2. Education and Training of medical staff
This aspect is very closely related to the first. Apart from the central medical care provider, the paediatric or adult haematologist, many other persons involved in the medical care need adequate training to meet the needs of these complex disorders. This group comprises subspecialists such as cardiologists and endocrinologists, nurses, educators, psychologists, social workers and others. A very close collaboration of these caregivers is essential for a successful treatment.
In countries where haemoglobinopathies affect primarily patients with a background of migration, and where migration occurred rather recently, patients only started to enter adulthood, and to look for treatment by adult health care services, during the last ten or fifteen years. Thus, adult health care providers inevitably had limited experience in the management of these rare disorders. In order to pass over knowledge and experience, not only is it important to have a close collaboration between different subspecialists and health care professionals within a medical care unit, but also a very close collaboration between paediatric and adult haematologists.

3. Health Care Setting
The health care setting varies from country to country, and sometimes even between regions within a country. For many patients, the transition from paediatric to adult care will be associated with transition from a rather familiar ambience within an in-patient clinic to an out-patient clinic focussed on the care for self-managing individuals. Even patients treated in paediatric out-patient clinics will feel such fundamental change, since they got used to the ambience and to individual health care providers, particularly nurses and other supporting staff, knowing them for their whole life.Therefore, transition to adult health care must include the careful preparation of patients to these changes to avoid frustration and retraction.
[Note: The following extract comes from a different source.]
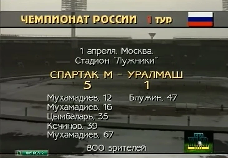 «Спартак» в ранге действующего чемпиона страны и надписью «Газпром» на груди разгромил «Уралмаш» – 5:1. Свидетелями хет-трика Мухсина Мухамадиева на покрытой белой пеленой поляне стала гигантская аудитория «Лужников» – 800 человек. Олегу Романцеву пришлось прятаться под крышей скамейки запасных, дабы непрекращающийся снег не затушил сигарету.

4. Adolescence and Puberty
At the time of transition, patients usually are at the end of their puberty. Classic adolescent rebellion can be an added problem for patients with chronic illness. Actually, puberty certainly represents one of the most vulnerable periods in the life of each patient with haemoglobinopathy. Adolescents with thalassaemia begin to challenge the need to continue chelation treatment, even after the introduction of alternative medical drugs without the physical burden of deferoxamine. They stop adhering. Patients become aware of physical problems caused by their disease or its treatment. And puberty itself can be disturbed by hypogonadism caused by iron overload representing a major burden for affected patients. All these problems have to be considered within the transition process, which should follow a standardised plan but has to be realised in an individualised way.
In addition to hypogonadism, other complications of iron overload, such as cardiac disease or diabetes mellitus, may occur in the same period. In these cases it has to be weighed very carefully where (in paediatric or adult medicine) treatment of such complications should be initiated. The ideal way, of course, would be the collaborative approach.

5. Social Activities
At the end of adolescence, there are other issues besides the transition from paediatric to adult medical care that predominate the life of young adult patients with TM and SCD. These include professional training, jobhunting, love, family planning and others. In some countries, personal responsibilities for health insurance and the payment for medical care are associated with additional problems for the patient. These aspects should be included in a transition programme. Both paediatric and adult health care workers have to develop possibilities to provide continuous support concerning these questions before, during, and after the transition.

6. The Families
The role of the family in the medical care of patients with haemoglobinopathies, and the transition process, varies depending on national, regional, and ethnic conditions, but everywhere it is of great importance. During infancy and childhood, the families and the parents in particular guarantee adequate medical treatment of their children. In adult medicine, the individual patient with self-care responsibility is the immediate partner of the physician or subspecialist. With regard to this aspect, an abrupt change from paediatric to adult care would certainly have an adverse effect on further treatment, adherence and compliance.
The influence of the parents may decrease during puberty. In the positive case, patients develop self-efficacy and self-care responsibility. In the negative case, the lack of compliance and adherence result in a long period of inadequate treatment, which can have even fatal consequences. Thus, patients’ education concerning their diagnosis, treatment, and preventive measures, but also psychological and social support, are of central importance within this period. Parents need encouragement to handle this situation, to acknowledge the increasing personal responsibility of their children, and to settle into their new role as accompanying partner and supporter. The transition of patients with haemoglobinopathies and other chronic disorders is not a one-off event, but a long-lasting process. Transition programmes must be developed in collaboration between paediatric and adult health care providers. They should consider the above-mentioned aspects, and therefore include the availability of common treatment standards, the collaboration within a multidisciplinary team and between paediatric and adult haematologists, the training of health care professionals, the education of the patient, the integration of the patient into decision-making, and the help for the families to strengthen their ability to support the patient in and after the transition process. The administrative handling of the transfer from paediatric to adult medical care should be planned in advance, including the transfer of relevant records. The timing of transfer should be flexible, depending on the patient’s developmental and social background. Thus, based on a standardised programme, the transition process should be tailored for each individual patient.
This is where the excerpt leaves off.